The Atmosphere Domain was also evaluated by the students as having more positive aspects than negative ones (average total score = 28.14) (Box 2). Most of the items in this domain (83.3%) were considered weak points, and the best-evaluated item was related to the opportunity to develop the practice of personal relationships (score = 2.74). The items considered problematic were related to the practice of cheating on tests as something common (score = 1.32) and the stimulation of the learning environment (score = 1.99).

The Social Domain was considered by the students as not being very good (mean total score = 14.90) (Box 2). Only the item “my social life is good” obtained a score considered as a weak point (score = 2.21). Most items in this domain (57.1%) were considered to have many problems (scores ranging from 1.40 to 1.94). As strengths, the existence of good friends in college (score = 3.03) and the fact of living in a comfortable place (score = 3.33) stand out.

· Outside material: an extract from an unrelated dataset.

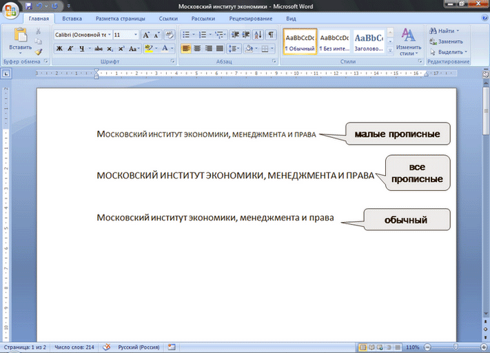 Видоизменения малые прописные заменяет обычные строчные буквы прописными, но несколько меньшего размера, чем обычные прописные буквы (рис. 18). Используют это видоизменение, например, для заголовков. Видоизменение все прописные превращает все буквы в прописные (рис. 18). Более того, во фрагмент текста, оформленный с этим видоизменением, строчные буквы ввести невозможно.
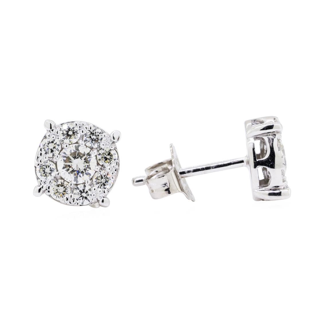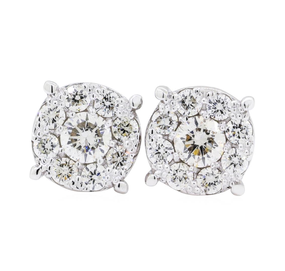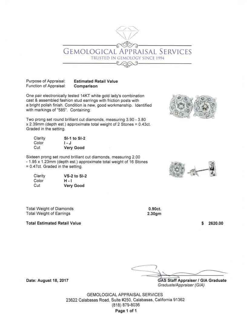 One pair electronically tested 14KT white gold lady's combination cast & assembled fashion stud earrings with friction posts with a bright polish finish. Identified with markings of '585'. Condition is new, good workmanship. Containing: Two prong set round brilliant cut diamonds, measuring 3.90 - 3.80 x 2.39mm (depth est.) approximate total weight of 2 Stones = 0.43ct. Graded in the setting. Color I - J Clarity SI-1 to SI-2 Cut Very Good Sixteen prong set round brilliant cut diamonds, measuring 2.00 - 1.95 x 1.23mm (depth est.) approximate total weight of 16 Stones = 0.47ct. Graded in the setting. Color H - I Clarity VS-2 to SI-2 Cut Very Good. Total Weight of Diamonds 0.90ct.. Total Weight of Earrings 2.30gm GAS Appraised at $2620.00. GAS Appraised at $2,620.00.

The analysis of the student’s perception of the time of participation in the GEDAAM is shown in Figure. 1On the Global Scale, as the time spent in the group increases, the more critical the student becomes. There is a slight increase in score after three full semesters on the GEDAAM. This upward trend in scores after three semesters was also observed in the Learning, Academic, and Social Domains, with the latter score being higher than that obtained at the beginning of participation in the group. In the Professor Domain, a gradual decrease in scores was observed as the student stayed longer in the GEDAAM. For none of the Domains and Global Scale, such differences were statistically significant (p-value >0.05).

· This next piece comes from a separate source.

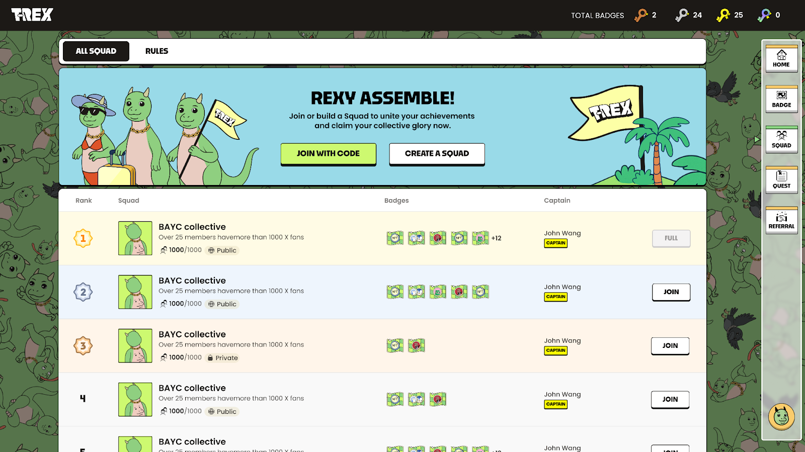 2. Create a Squad to become a Captain, or Join one via the leaderboard or an invite code.

Source: Created by the authors.

Figure 1 - Mean scores of the Domains and Global Scale, evaluated using the Dundee Ready Education Environment Measure scale, according to the number of completed semesters in GEDAAM. Motirõ-GEDAAM Study, Brazil, 2019 (n=129) 

DISCUSSION

The educational environment directly impacts academic performance and the medical career since good learning experiences boost individual potential and encourage students to develop good professional performance (PAI et al., 2014; MUSHTAQ et al., 2017). Thus, assessing the perception of the educational environment at the undergraduate level can provide a broad perspective on the learning process and reveal problematic areas that can be reformulated and improved (PAI et al., 2014; MUSHTAQ et al., 2017; CHAN et al., 2018).

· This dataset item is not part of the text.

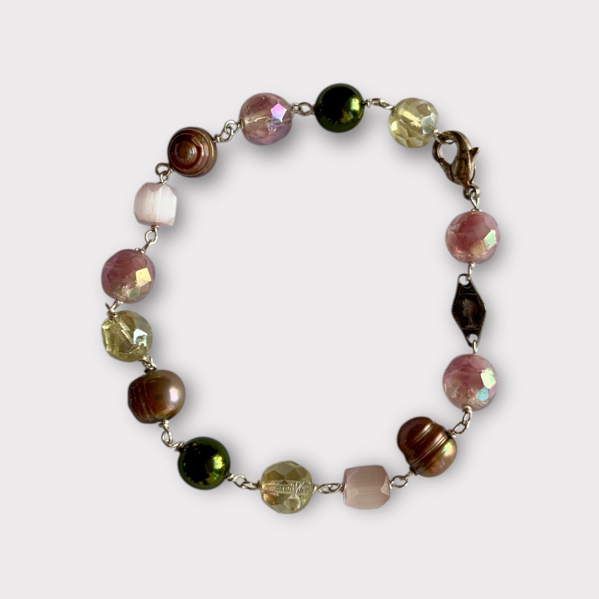 Vintage glas/krystal perler i lyserød, syregul, mørk grønne,

In general, the evaluated students had a “more positive than negative” perception of the educational environment (Global score = 108.41). This result was lower than a multicenter study carried out between 2011 and 2012, involving 22 Brazilian medical colleges, whose total average score was 119.4 (ENNS et al., 2016) and another Brazilian study carried out in 2013 with 105 medical students from the city of Petrolina (Global score = 144.4) (GUIMARAES et al., 2015). It was also lower than in a study carried out in 2014 with 423 students in the last year of graduation from four medical colleges in Saudi Arabia (Global score = 147.7) (NOUH et al., 2016) and pharmacy and medicine students from Pakistan (Global score = 130.1) (ASKARI et al., 2018). Although numerically lower than the values found in the literature, this score classifies students' perception of the educational environment in the same category according to Roff et al. (1997). To be considered excellent, the mean Global score must be greater than 151, which denotes that the analyzed students recognize positive points in the institution, but do not fail to point out weaknesses.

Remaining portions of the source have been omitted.